Collection entries:
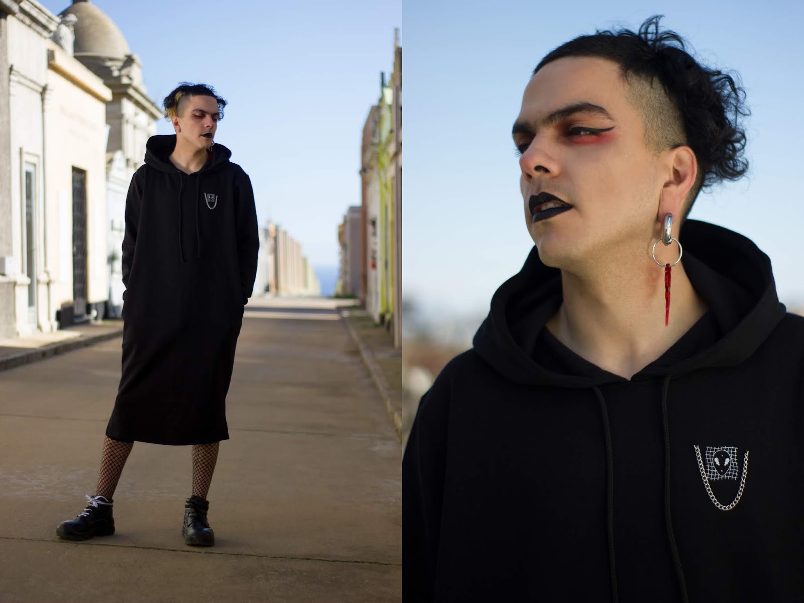 . En el ámbito profesional quería llevar su creatividad a un plano más físico y tangible del que le ofrecía sus estudios de fotografía publicitaria y audiovisual. Mientras en lo personal, después de una fuerte depresión y crisis de identidad, encontró en la serigrafía un canal para expresar sus emociones y pensamientos. "Con el tiempo me propuse componer diseños mediante símbolos y gráficas, homenajear a personajes iconos que me representaran y así ocupar y mezclar también todas las herramientas digitales que había adquirido en mi trabajo como fotógrafo", me cuenta. En ese trayecto se definió como transgénero no binario y procuró que su propuesta fuera coherente con esa esencia. Luego de un destacado paso por Pasarela Valparaíso 2019 junto a Costura Local, nos contará cómo lo está consolidando su apuesta creativa.La propuesta de Nunka Inalien
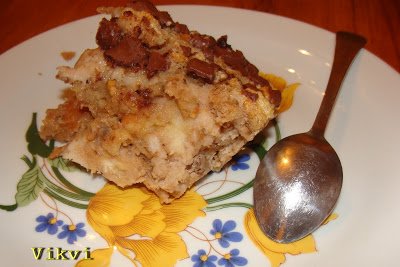 A jénait kivajazom és félreteszem. A kifliket felkarikázom és egy nagy tálba teszem. 1 liter tejet felmelegítek, lehet bele tenni vaníliát is. A tojásokat ketté választom a sárgáját kikeverem a cukorral. Majd öntök hozzá a tejből. A kiflikre öntöm a tejet elkeverem, majd a sárgájás cukros tejet is rálocsolom. Hozzáadom a kétféle diót. Felverem a fehérjét és óvatosan hozzáforgatom. Megszórom a csokival. Közepesen meleg sütőben sütöm, 25-30 percig. akkor jó ha szépen feljön. Hagyjuk a sütőben hűlni és akkor nem fog összeesni.
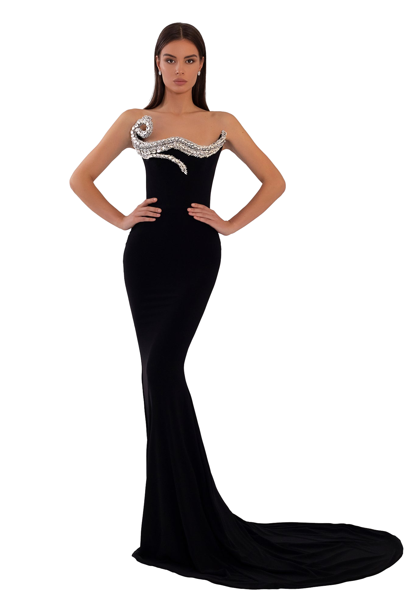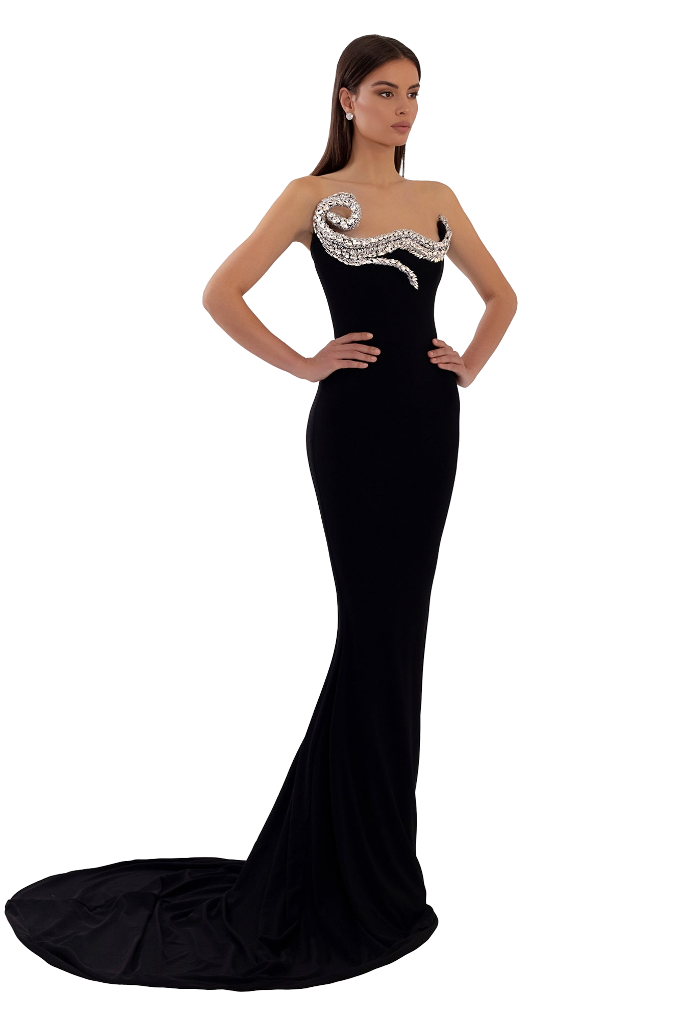 The black dress with long train inserts an hand-embroidered crystals with an elastane material.
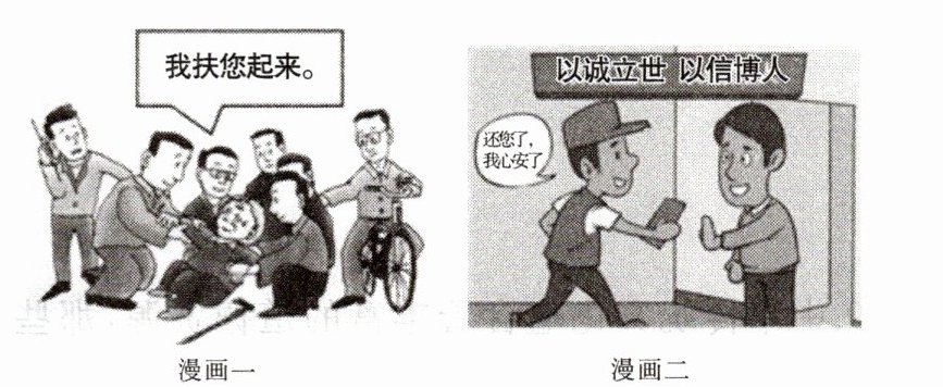 (1)漫画一:助人为乐。漫画二:诚实守信。
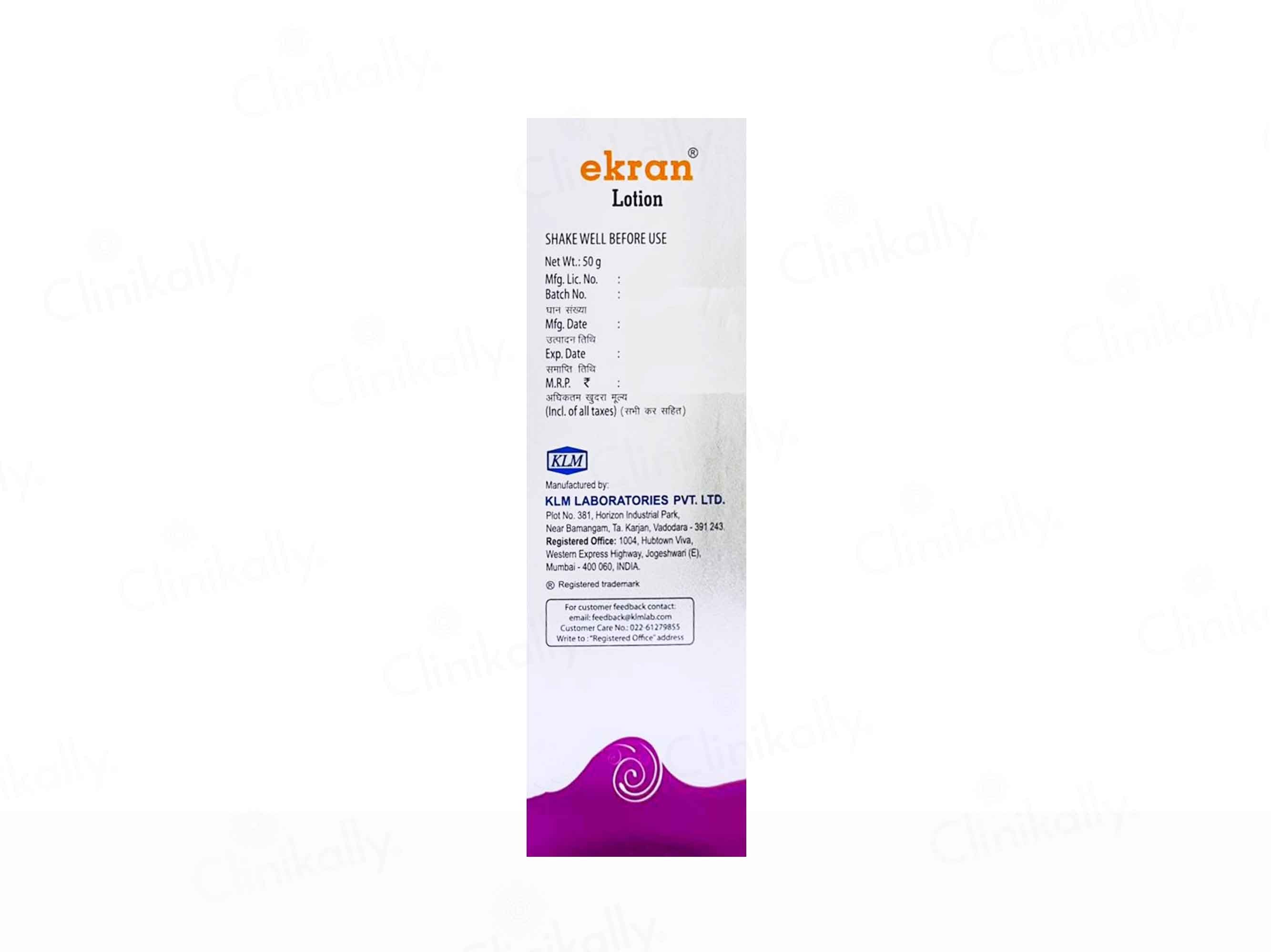 Ekran Sunscreen Lotion SPF 30 PA++ is a broad-spectrum sunscreen that protects the skin from harmful UVA and UVB rays, preventing sunburn and premature aging.
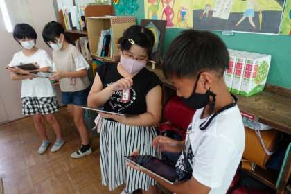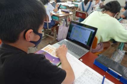 算数科の学習では,GIGA端末を活用して,自分の考えたことを説明する,ということに取り組んでいます。
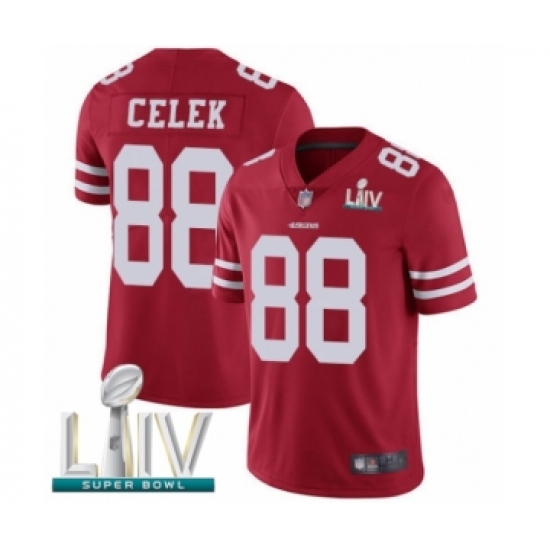 Men's San Francisco 49ers #88 Garrett Celek Red Team Color Vapor Untouchable Limited Player Super Bowl LIV Bound Football Jersey
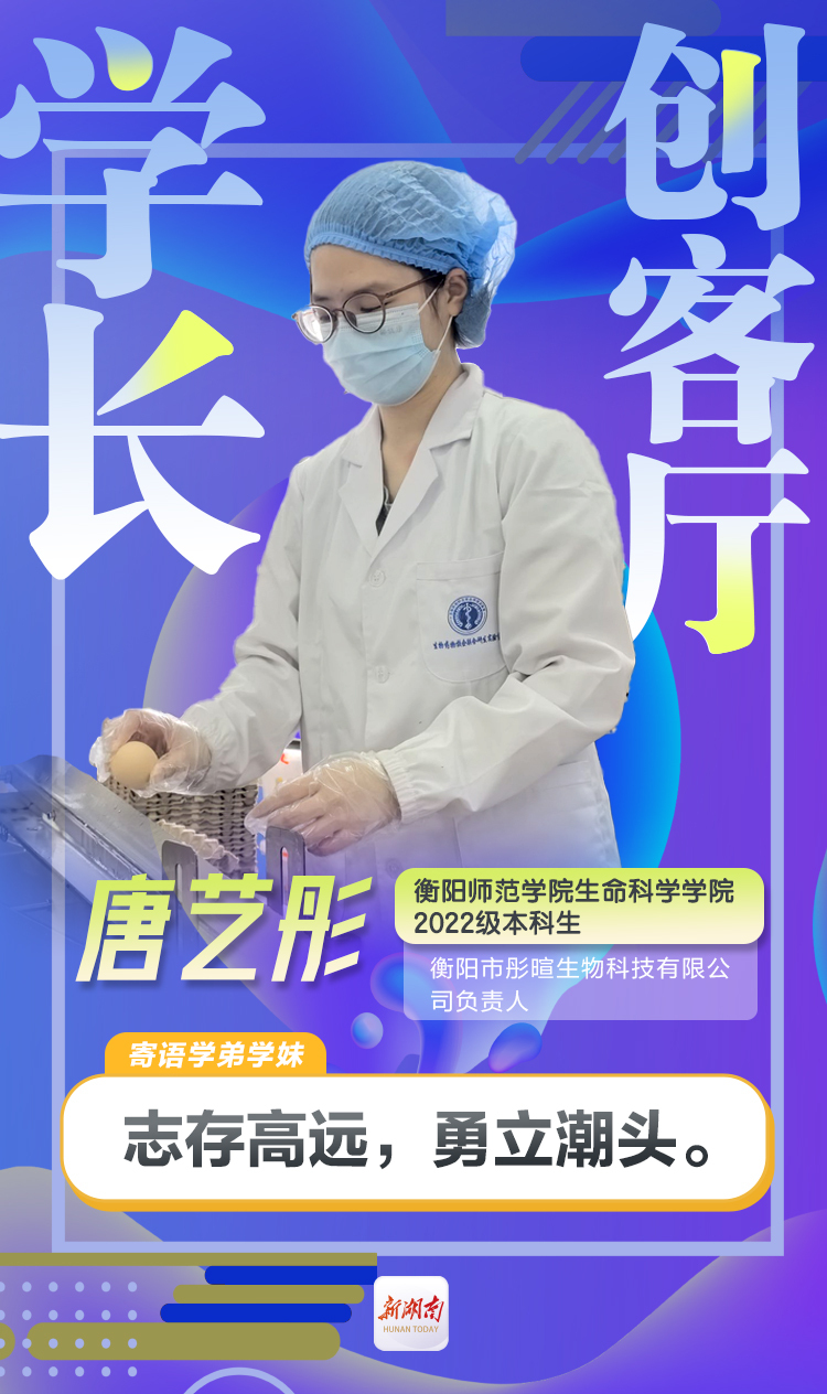 2024年,唐艺彤与4名同学创立了衡阳市彤暄生物科技有限公司。目前,公司已成功研发4款宠物抗体制剂产品,并与部分企业签订了价值120万元的意向订单,团队在研发过程中申请了17项专利,其中学生专利4项。项目累计投入研发经费超600万元,建立了基因工程、疫苗工程等多领域技术体系,配备3000万元先进设备,并获国家级一流专业建设点及湖南省相关产学研中心技术支持。
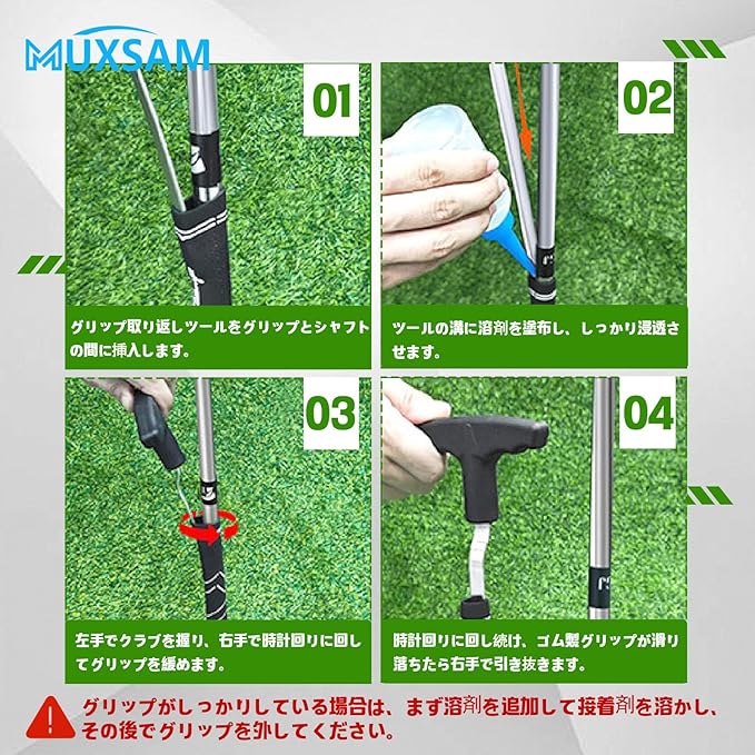 【傷をつけずにグリップを交換】この取り外しツールを使用すれば、グリップを安全に交換でき、ナイフやハサミでグリップを割る方法よりも安全です。クラブに傷をつけることなく、安心して作業できます。古いグリップも破損することなく保存でき、再利用が可能です。

-- Directions for this task --
Copy out each record word for word and omit any pictures.

-- Your response --
 . En el ámbito profesional quería llevar su creatividad a un plano más físico y tangible del que le ofrecía sus estudios de fotografía publicitaria y audiovisual. Mientras en lo personal, después de una fuerte depresión y crisis de identidad, encontró en la serigrafía un canal para expresar sus emociones y pensamientos. "Con el tiempo me propuse componer diseños mediante símbolos y gráficas, homenajear a personajes iconos que me representaran y así ocupar y mezclar también todas las herramientas digitales que había adquirido en mi trabajo como fotógrafo", me cuenta. En ese trayecto se definió como transgénero no binario y procuró que su propuesta fuera coherente con esa esencia. Luego de un destacado paso por Pasarela Valparaíso 2019 junto a Costura Local, nos contará cómo lo está consolidando su apuesta creativa.La propuesta de Nunka Inalien
 A jénait kivajazom és félreteszem. A kifliket felkarikázom és egy nagy tálba teszem. 1 liter tejet felmelegítek, lehet bele tenni vaníliát is. A tojásokat ketté választom a sárgáját kikeverem a cukorral. Majd öntök hozzá a tejből. A kiflikre öntöm a tejet elkeverem, majd a sárgájás cukros tejet is rálocsolom. Hozzáadom a kétféle diót. Felverem a fehérjét és óvatosan hozzáforgatom. Megszórom a csokival. Közepesen meleg sütőben sütöm, 25-30 percig. akkor jó ha szépen feljön. Hagyjuk a sütőben hűlni és akkor nem fog összeesni.
 The black dress with long train inserts an hand-embroidered crystals with an elastane material.
 (1)漫画一:助人为乐。漫画二:诚实守信。
 Ekran Sunscreen Lotion SPF 30 PA++ is a broad-spectrum sunscreen that protects the skin from harmful UVA and UVB rays, preventing sunburn and premature aging.
 算数科の学習では,GIGA端末を活用して,自分の考えたことを説明する,ということに取り組んでいます。
 Men's San Francisco 49ers #88 Garrett Celek Red Team Color Vapor Untouchable Limited Player Super Bowl LIV Bound Football Jersey
 2024年,唐艺彤与4名同学创立了衡阳市彤暄生物科技有限公司。目前,公司已成功研发4款宠物抗体制剂产品,并与部分企业签订了价值120万元的意向订单,团队在研发过程中申请了17项专利,其中学生专利4项。项目累计投入研发经费超600万元,建立了基因工程、疫苗工程等多领域技术体系,配备3000万元先进设备,并获国家级一流专业建设点及湖南省相关产学研中心技术支持。
 【傷をつけずにグリップを交換】この取り外しツールを使用すれば、グリップを安全に交換でき、ナイフやハサミでグリップを割る方法よりも安全です。クラブに傷をつけることなく、安心して作業できます。古いグリップも破損することなく保存でき、再利用が可能です。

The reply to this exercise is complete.